U.S. National Security Advisor Mike Waltz took responsibility for the leak about strikes on Yemen in a Signal chat that included a journalist from The Atlantic and called the leak “embarrassing,” Reuters reports.
During an interview with Fox News on Tuesday, Waltz confirmed he created the chat where highly sensitive details were posted about imminent U.S. strikes on Yemen and said those were not classified.
President Donald Trump’s administration has sought to contain fallout from an explosive article on Monday by The Atlantic’s editor-in-chief Jeffrey Goldberg, revealing that he was included in a group chat on the encrypted messaging app Signal with Trump’s most senior national security advisors to coordinate on Yemen.

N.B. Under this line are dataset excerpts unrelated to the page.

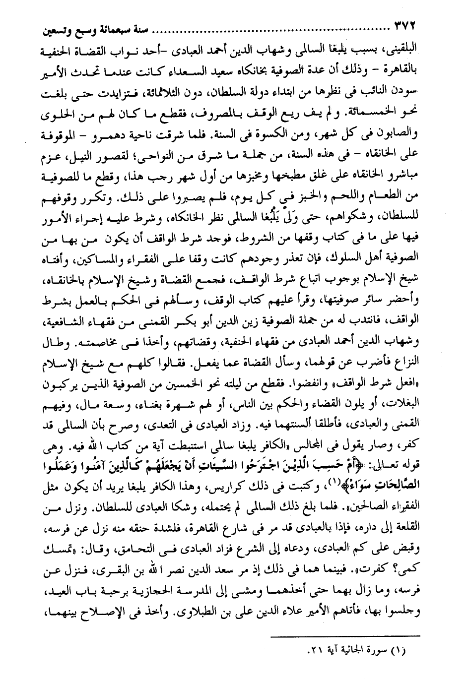 البُلْقِينِيّ بِسَبَب يلبغا السالمي وشهاب الدّين أَحْمد الْعَبَّادِيّ - أحد نواب الْقُضَاة الْحَنَفِيَّة بِالْقَاهِرَةِ - وَذَلِكَ أَن عدَّة الصُّوفِيَّة بخانكاه سعيد السُّعَدَاء كَانَت عِنْدَمَا تحدث الْأَمِير سودن النَّائِب فِي نظرها من ابْتِدَاء دولة السُّلْطَان دون الثلاثمائة فتزايدت حَتَّى بلغت نَحْو الْخَمْسمِائَةِ. وَلم يَفِ ريع الْوَقْف بالمصروف فَقطع مَا كَانَ لَهُم من الْحَلْوَى والصابون فِي كل شهر وَمن الْكسْوَة فِي السّنة. فَلَمَّا شَرقَتْ نَاحيَة دهمرو - الْمَوْقُوفَة على الخانقاه - فِي هَذِه السّنة من جملَة مَا شَرق من النواحي لقُصُور النّيل عزم مباشرو الخانقاه على غلق مطبخها ومخبزها من أول شهر رَجَب هَذَا وَقطع مَا للصوفية من الطَّعَام وَاللَّحم وَالْخبْز فِي كل يَوْم فَلم يصبروا على ذَلِك. وتكرر وقوفهم للسُّلْطَان وشكواهم حَتَّى ولي يلبغا السالمي نظر الخانكاه وَشرط عَلَيْهِ إِجْرَاء الْأُمُور فِيهَا على مَا فِي كتاب وَقفهَا من الشُّرُوط فَوجدَ شَرط الْوَاقِف أَن يكون من بهَا من الصُّوفِيَّة أهل السلوك فَإِن تعذر وجودهم كَانَت وَقفا على الْفُقَرَاء وَالْمَسَاكِين وَأَفْتَاهُ شيخ الْإِسْلَام بِوُجُوب اتِّبَاع شَرط الْوَاقِف فَجمع الْقُضَاة وَشَيخ الْإِسْلَام بالخانقاه وأحضر سَائِر صوفيتها وَقَرَأَ عَلَيْهِم كتاب الْوَقْف سَأَلَهُمْ فِي الحكم بِالْعَمَلِ بِشَرْط الْوَاقِف فَانْتدبَ لَهُ من جملَة الصُّوفِيَّة زين الدّين أَبُو بكر القمني من فُقَهَاء الشَّافِعِيَّة وشهاب الدّين أَحْمد الْعَبَّادِيّ من فُقَهَاء الْحَنَفِيَّة وقضاتهم وأخذا فِي مخاصمته. وَطَالَ النزاع فَأَضْرب عَن قَوْلهمَا وَسَأَلَ الْقُضَاة عَمَّا يفعل. فَقَالُوا كلهم مَعَ شيخ الْإِسْلَام افْعَل شَرط الْوَاقِف وانفضوا. فَقطع من ليلته نَحْو الْخمسين من الصُّوفِيَّة الَّذين يركبون البغلات أَو يلون الْقَضَاء وَالْحكم بَين النَّاس أَو لَهُم شهرة بغناء وسعة مَال وَفِيهِمْ القمني والعبادي فأطلقا ألسنتهما فِيهِ. وَزَاد الْعَبَّادِيّ فِي التَّعَدِّي وَصرح بِأَن السالمي قد كفر وَصَارَ يَقُول فِي الْمجَالِس الْكَافِر يلبغا سالمي استنبطت آيَة من كتاب الله فِيهِ. وَهِي قَوْله تَعَالَى: أم حَسِبَ الَّذين اجتَرَحُوا السيئاتِ أَن يَجعَلَهم كالِذينَ آمَنُوا وَعَمَلُوا الصَّالِحَات سَوَاء وكتبت فِي ذَلِك كراريس وَهَذَا الْكَافِر يلبغا يُرِيد أَن يكون مثل الْفُقَرَاء الصَّالِحين. فَلَمَّا بلغ ذَلِك السالمي لم يحْتَملهُ وشكا الْعَبَّادِيّ للسُّلْطَان. وَنزل من القلعة إِلَى دَاره فَإِذا بالعبادي قد مر فِي شَارِع الْقَاهِرَة فلشدة حنقه مِنْهُ نزل عَن فرسه وَقبض على كم الْعَبَّادِيّ وَدعَاهُ إِلَى الشَّرْع فَزَاد الْعَبَّادِيّ فِي التحامق وَقَالَ: تمسك كمي كفرت فَبَيْنَمَا هما فِي ذَلِك إِذْ مر سعد الدّين نصر الله بن البقري فَنزل عَن فرسه وَمَا زَالَ بهما حَتَّى أخذهما وَمَشى إِلَى الْمدرسَة الحجازية برحبة بَاب الْعِيد وجلسوا بهَا فَأَتَاهُم الْأَمِير عَلَاء الدّين عَليّ بن الطبلاوي. وَأخذ فِي الْإِصْلَاح بَينهمَا
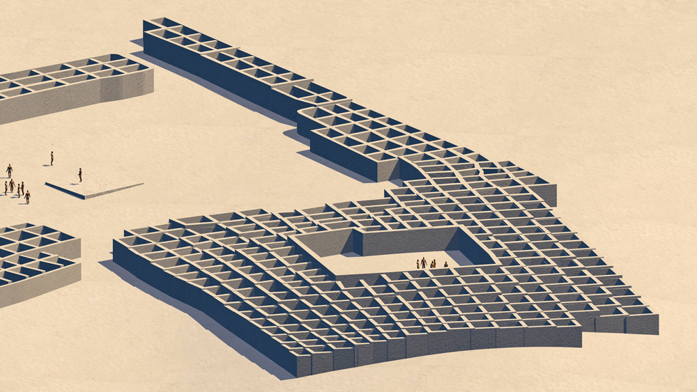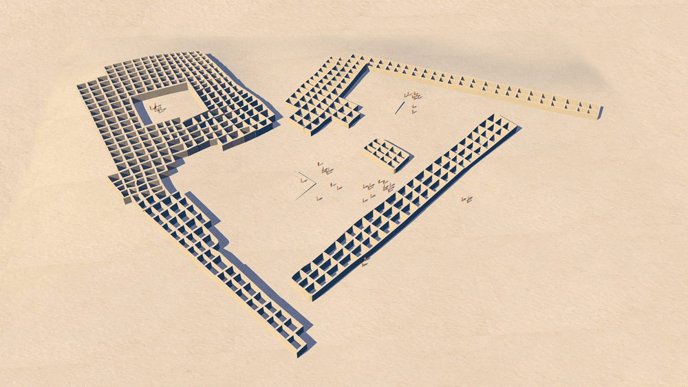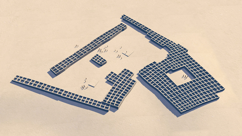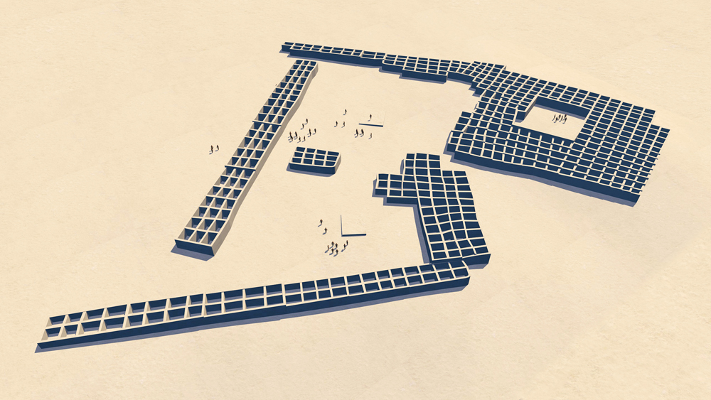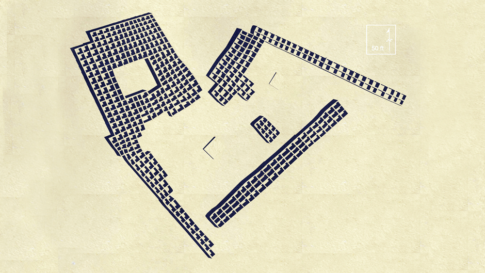 Plan view with scale and orientation. Data source for this CG model: 1. Spier, Leslie, 1918 . "Notes on Some Little Colorado Ruins", Anthropological Papers of the American Museum of Natural History, vol 18, pt 5. 1918. 2. Shumway Archaeologica Project: https://www.uvm.edu/~svankeur/SHAP/project_area/fourmile_ruin/fourmile.htm 3. Johnson, Douglas, 2022. Adobe Brick Architecture and Katsina Ceremonialism at Fourmile Pueblo. Second Books, Albuquerque, NM, 2022.
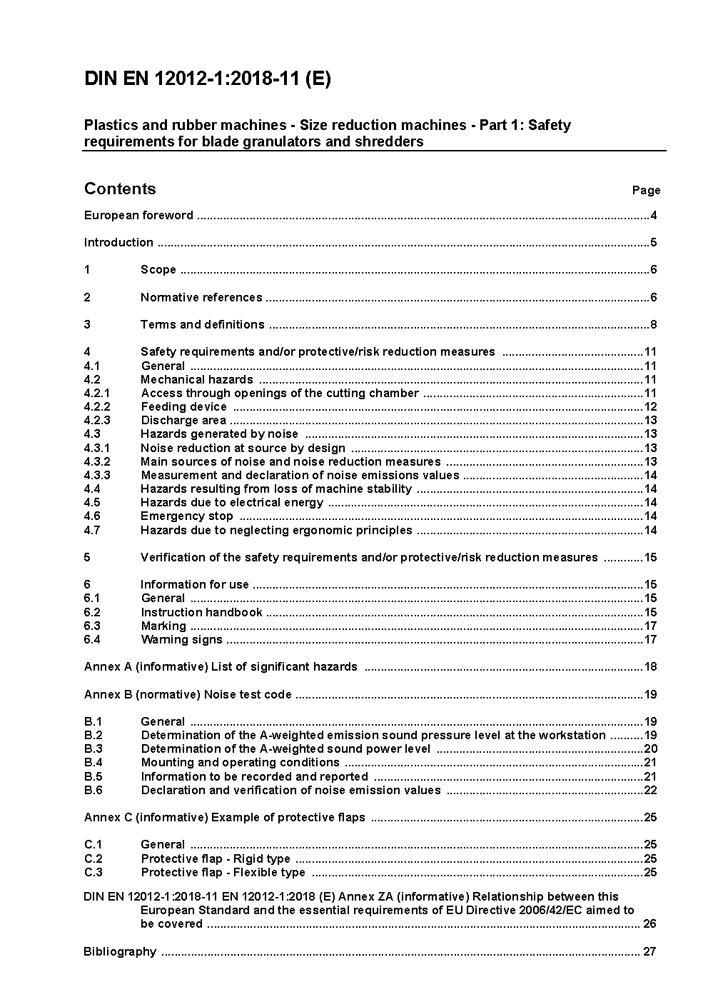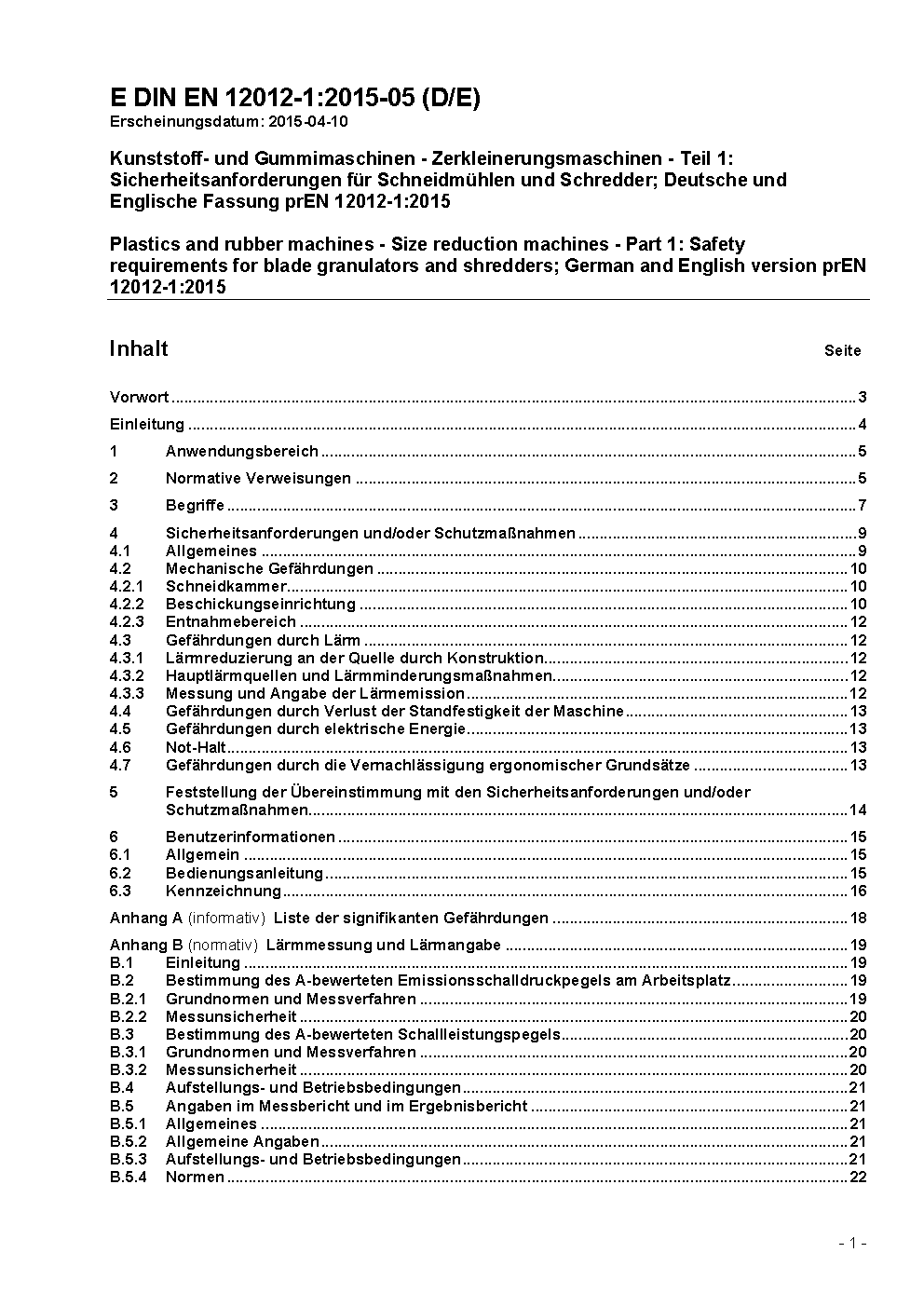 Kunststoff- und Gummimaschinen - Zerkleinerungsmaschinen - Teil 1: Sicherheitsanforderungen für Schneidmühlen und Schredder; Deutsche Fassung EN 12012-1:2018

Goldberg said Hegseth posted war plans shortly before the first wave of attacks on May 15 “including information about targets, weapons the U.S. would be deploying, and attack sequencing,” which he read from a supermarket parking lot on his phone.
Still, Trump’s administration said on Tuesday that no classified information was shared in the chat, bewildering Democrats and former U.S. officials, who regard that kind of targeting information as some of the most closely-held material ahead of a U.S. military campaign.
Director of National Intelligence Tulsi Gabbard and CIA Director John Ratcliffe also said no classified information was shared. But, pressed, they said Hegseth would be the one to determine what defense information is classified.
Asked about the potential publication of more information from that chat, Waltz told Fox he did not “want it all out there.”